Combination of increasing government regulations and Toyota’s goal of zero traffic accidents are forcing hard questions about turning safety technology off
Toyota’s most senior software executive has revealed that the carmaker is considering banning drivers from switching off vehicle safety features in the future.
Government regulations normally shape the degree of strictness a carmaker imposes, and Australian and European safety regulations in recent years have started to impose various lane keeping, speed limit awareness and driver monitoring systems in cars.
At present, those systems can typically be switched off manually at the touch of a button or swipe of a screen, if the driver deems that they would prefer to manage these processes themselves.
But Toyota software development centre president Akihiro Sarada says that the Japanese carmaker is serious about its mission of “zero traffic accidents” — not just deaths, but all car accidents.
“Our ultimate goal is to eradicate all traffic accidents, and of course, autonomous driving is a technology that is necessary to realise a safe environment,” said Sarada.
“We have to study and decide if we would enable an ‘off’ button.”
Allowing drivers to operate the vehicle however they see fit, including by exceeding the speed limit or approaching lane markings to hit a corner apex, may not be compatible with achieving Toyota’s goal of eliminating accidents.
Sarada said that Toyota was considering allowing drivers to temporarily disable safety features — or drive in the manner they see fit — in two environments: on roads where the car’s software knows no other cars or pedestrians are around, and on the racetrack.
“If it is safe, for example, if it is on the circuit, [autonomous driving and sporty human driving] can co-exist,” said Sarada.
“In the area[s] where drivers are able to have fun driving, then we want them to have the discretion to decide the way they drive their cars.
“We have to really study in detail whether or not it is really mandatory for us to control that detail, to the level where we have to forbid them to enjoy their driving.”
Toyota’s software boss also hinted that connected-car technology — online systems that detect other cars, pedestrians and road conditions — might even allow keen drivers to drive as they see fit on the public road, but that warnings would kick in if risks increased.

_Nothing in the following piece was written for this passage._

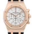 - 2012年 ロイヤルオークがモデルチェンジ。39mmから41mmにサイズアップし、ダイアルとベゼルのデザインが大きく見直されています。こちらはピンクゴールド製のストラップモデル。ピンクゴールドのモデルは派手になりがちですが、落着きすら感じさせるのはオーデマピゲならではです。

“Drivers want to have excitement in driving. By using connected data, they can receive announcements that under [certain] conditions they can have more fun, that right now it is safe, but several seconds later, [if] there is a risk [they can] receive a warning beforehand,” Sarada explained.
But even this ‘leniency’ could, in theory, stop a driver from disabling safety technologies like lane-centring or speed limit controls on country roads if other cars, cyclists or particularly pedestrians are present in the area.

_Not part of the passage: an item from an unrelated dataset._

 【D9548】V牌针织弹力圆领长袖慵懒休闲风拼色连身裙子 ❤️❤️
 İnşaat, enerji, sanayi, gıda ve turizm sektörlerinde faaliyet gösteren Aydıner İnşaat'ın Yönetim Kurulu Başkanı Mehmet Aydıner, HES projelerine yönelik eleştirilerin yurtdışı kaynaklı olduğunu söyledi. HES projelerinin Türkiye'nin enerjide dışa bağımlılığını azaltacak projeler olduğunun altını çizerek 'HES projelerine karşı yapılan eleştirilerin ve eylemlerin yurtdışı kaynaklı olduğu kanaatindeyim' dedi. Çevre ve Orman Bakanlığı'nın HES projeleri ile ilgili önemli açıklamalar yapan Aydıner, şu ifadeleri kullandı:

It’s a balancing act within Toyota between departments like Sarada’s — tasked with deploying software that reduces accidents, injury and death — and performance-arm GR, which must convince buyers that they should spend their cash on sporty, fun-to-drive cars.
For decades, Toyota has run ahead of some vehicle safety regulations. For more than 20 years, drivers and passengers in Toyota and Lexus models have been unable to input satellite navigation destinations while the vehicle is in motion.

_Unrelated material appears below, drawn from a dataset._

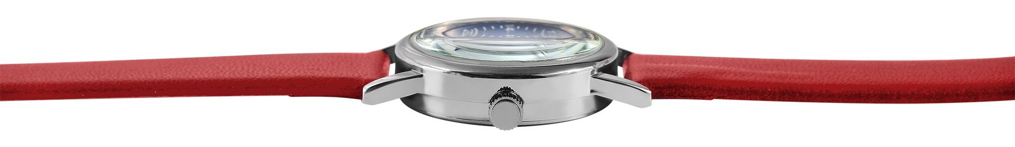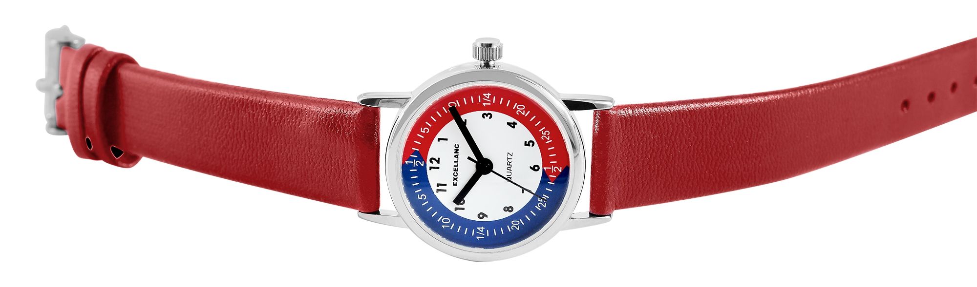 Het analoge 3-hands kinderpolshorloge van het merk Excellanc heeft een hoogwaardig kwartsuurwerk. De rode band van imitatieleer is 14 mm breed bij de lug en kan worden geopend en gesloten met een zilverkleurige gesp. De totale lengte van het horloge is 22 cm. De zilverkleurige metalen kast met mineraalglas heeft een diameter van 26 mm en een kasthoogte van 9 mm. De achterkant van de kast is gemaakt van roestvrij staal. De overzichtelijke wijzerplaat met kleurcodes maakt het aflezen van de tijd kinderspel en helpt kinderen op betrouwbare wijze de tijd te leren.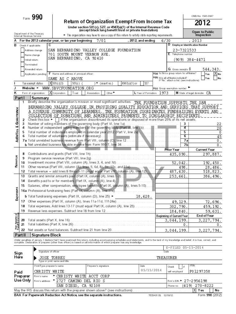 Form990OMB No. 15450047Return of Organization Exempt From Income Tax2012Under section 501(c), 527, or 4947(a)(1) of the Internal Revenue Code (except black lung benefit trust or private foundation)

That’s a common practice that other carmakers would typically allow, sometimes via rotary dials — often perceived as ‘safer’ to use while moving — but also often via simple touchscreen inputs.
In recent years other firms have followed Toyota’s lead on blocking some touchscreen functions while the vehicle is in motion. The two key smartphone mirroring products, Apple CarPlay and Android Auto, both prevent most on-screen keyboard use while driving.
European regulations have also started to encroach on touchscreen use via that continent’s Advanced Driver Distraction Warning requirements, which will come into force for all new vehicles registered in the EU from July 2026.
Even in the EU, however, safety features — including speed warning, stability control and lane-keeping are typically allowed be switched off, though all restart at the next vehicle ignition and a driver would be held responsible for increasing the risk of a crash if a safety system is deactivated.
Typically, governments — including in Australia and Europe — issue broad guidelines for how safety features should work, leaving precise implementation decisions up to carmakers.